La réunion, qui s’est déroulée le 18 décembre dernier, visait à « faire taire les rumeurs autour de la mort de Tasiu », selon les déclarations de Shekau, à la tête du groupe islamiste depuis 2009, après la mort de son fondateur Mohamed Yusuf.
Yan St-Pierre, consultant en contre-terrorisme pour MOSECON (Modern Security Consulting Group), appuie ces déclarations, affirmant qu’il y avait « de nombreuses spéculations internes quant à son sort ». « Des membres du groupe s’inquiétaient de sa disparition depuis pas mal de temps. »
« Le but de Shekau est d’envoyer un message clair au plus grand nombre de ses combattants », poursuit l’expert des mouvements jihadistes, et de les informer de cette « purge » contre quiconque pourrait défier son pouvoir.
Dans ce dernier enregistrement audio, Shekau accuse Abu Zinnira d’avoir tenté de le renverser avec un autre commandant, Baba Ammar. Ils les accusent également d’avoir mené des combats sans son consentement et d’avoir fait courir le bruit qu’il était devenu incapable de mener l’insurrection.
« Dites-moi quelle est la punition pour ceux qui complotent contre leur chef? », interroge Shekau pendant cette réunion. « De par notre code d’allégeance, nous n’hésiterons pas à sanctionner tout élément qui commet ce crime ».
« Des avocats envoyés par le diable sont au travail, et essaient d’instiller le doute dans les esprits de nos combattants, car ils réalisent maintenant que nous sommes sur le point de gagner notre jihad », poursuit Shekau, cependant en position de faiblesse, contre les forces de sécurité nigérianes et contre son propre clan.
Paranoïa
Abubakar Shekau est le visage le plus célèbre de cette insurrection qui a fait au moins 20.000 morts et 2,6 millions de déplacés.

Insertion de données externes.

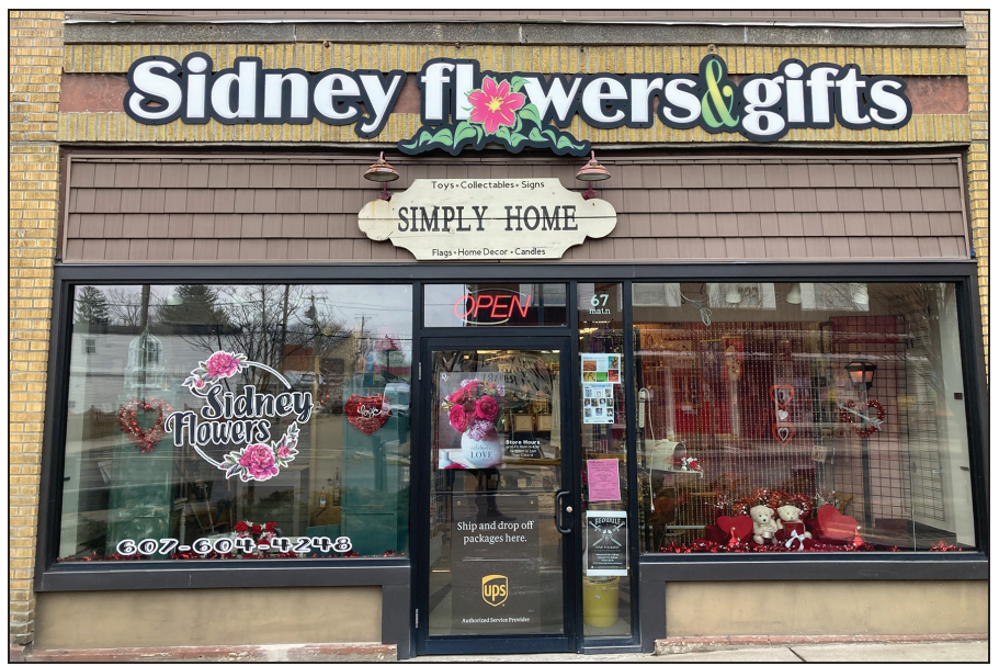
Alyshia KorbalThe Reporter

"They come wrinkled, looking like they aren't even gonna pull through, but they just need to hydrate," Wagner
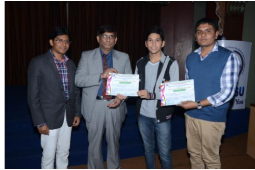
Winning team (LUVAS, Hisar) with their mentor
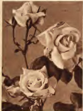
Three flowers of the „Mad. Butterfly“

The price of the above varieties when ordered separately is each $ —.65; 3 for $ 1.75; 12 for $ 6.50; 25 for $ 12.20.

Il apparaît dans plusieurs vidéos pour revendiquer des attaques, apparaissant souvent délirant.
Mais en août dernier, l’organisation de l’Etat Islamique, à laquelle Boko Haram a prêté allégeance en 2015, a désigné un autre « wali » (chef) en la personne d’Abou Mosab Al Barnaoui – fils du fondateur Mohamed Yusuf – pour diriger l’Etat Islamique d’Afrique de l’Ouest ».
Al Barnaoui et son bras droit Mamman Nur reprochaient déjà à l’époque à Shekau ses « tendances dictatoriales » et l’accusaient d’avoir assassiné des commandants dans des accès de paranoïa.

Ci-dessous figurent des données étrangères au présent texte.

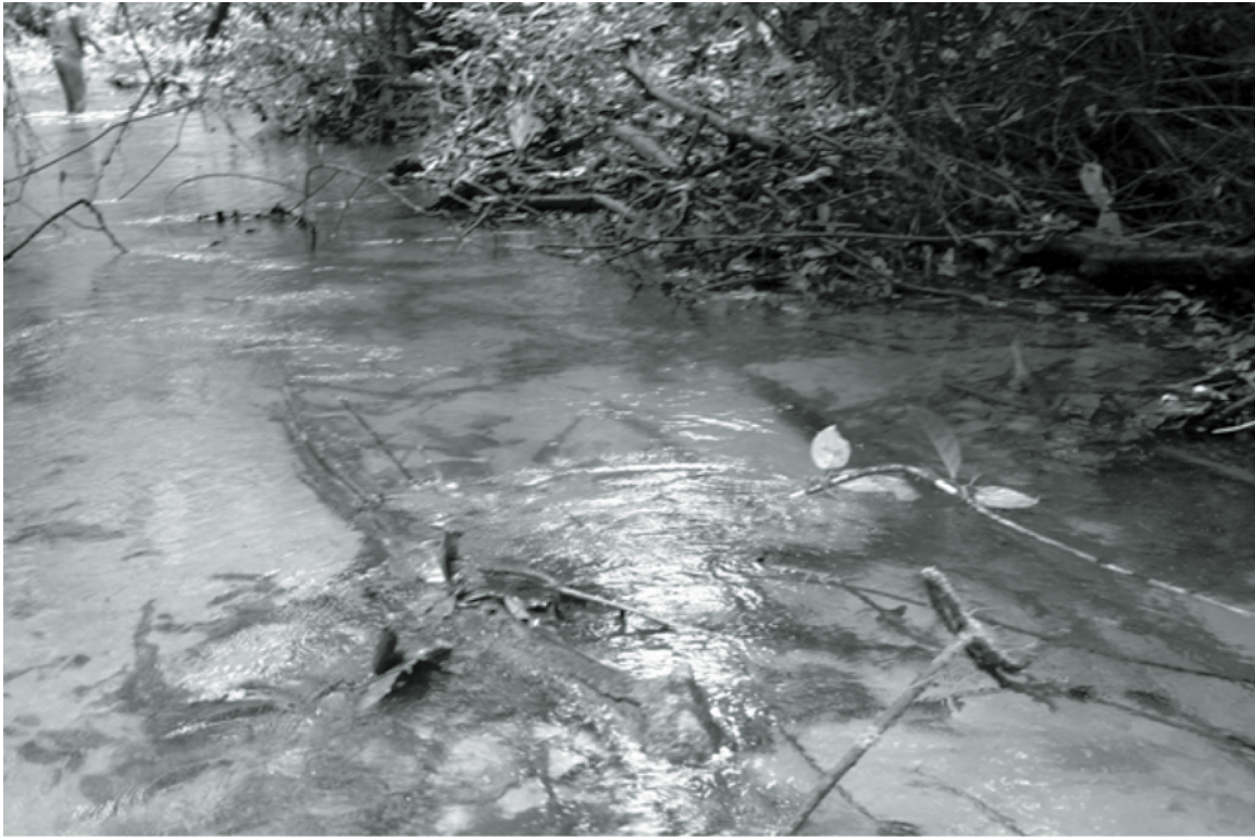
GR-AM-03: Acarai creek

Abu Zinnira, qui apparaissait sur des vidéos toujours en tenue de camouflage militaire, turban sur la tête et le visage caché, était considéré comme un des porte-parole de Boko Haram, « une figure assez connue », selon M. St-Pierre, « qui parvenait à faire consensus dans plusieurs cercles du groupe ».
« Ces révélations ne font que confirmer les rapports qui circulent depuis plusieurs mois au sujet des disputes particulièrement intenses entre Shekau et ses commandants sur les questions de stratégie, de tactique et de logistique », analyse Nnamdi Obasi, pour International Crisis Group.
« Eliminer des adversaires, qu’ils soient réels ou fantasmés, peut toutefois avoir un effet double », explique à l’AFP le chercheur, basé à Abuja. « Cela peut consolider le pouvoir de Shekau, qui se retrouverait entouré d’un noyau dur et fidèle, ou créer davantage de divisons et donc affaiblir cette faction du groupe. »
Dès à présent, bien que le groupe jihadiste nigérian revendique très peu de ses attaques, la différence entre les deux factions est de plus en plus remarquable.
L’armée nigériane a affirmé en décembre avoir « nettoyé la forêt de Sambisa », bastion de la faction Shekau, dont les combattants se sont retranchés plus au nord, vers Marte.
Et la faction d’Al Barnaoui, active sur les contours du lac Tchad et à la frontière avec le Niger mène des attaques régulières contre les forces de sécurité.
Ainsi, vendredi, 7 soldats nigérians ont été tués par ce groupe au cours d’une attaque d’un poste militaire dans le nord-est du pays.